#### PROVIDED MATERIAL
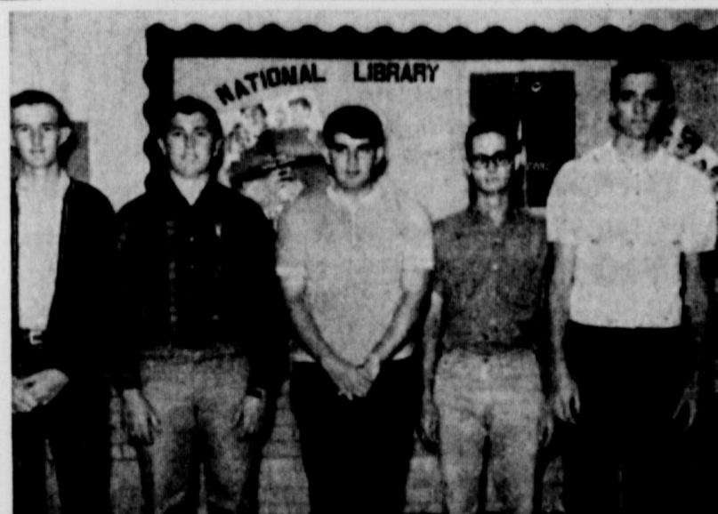
TEE OFF TODAY — Bronte High School's golf team won second in district and will compete in regional contests in Big Spring
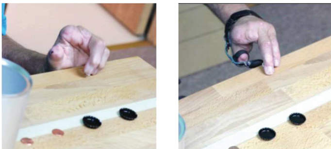
Figure 2: Lifting paperclip during JHFT
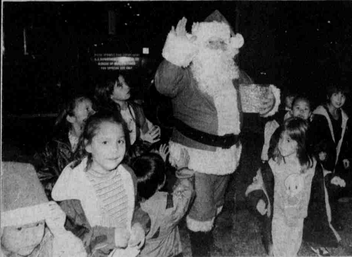
Santa's entrance gathered children of all ages.
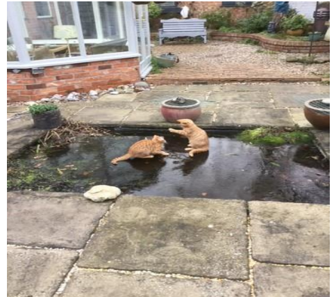
"Dancing on Ice"
########
> _THE TASK_
Write out the material above exactly. Skip the pictures.

> _RESPONSE TO THIS EXERCISE_
TEE OFF TODAY — Bronte High School's golf team won second in district and will compete in regional contests in Big Spring
Figure 2: Lifting paperclip during JHFT
Santa's entrance gathered children of all ages.
"Dancing on Ice"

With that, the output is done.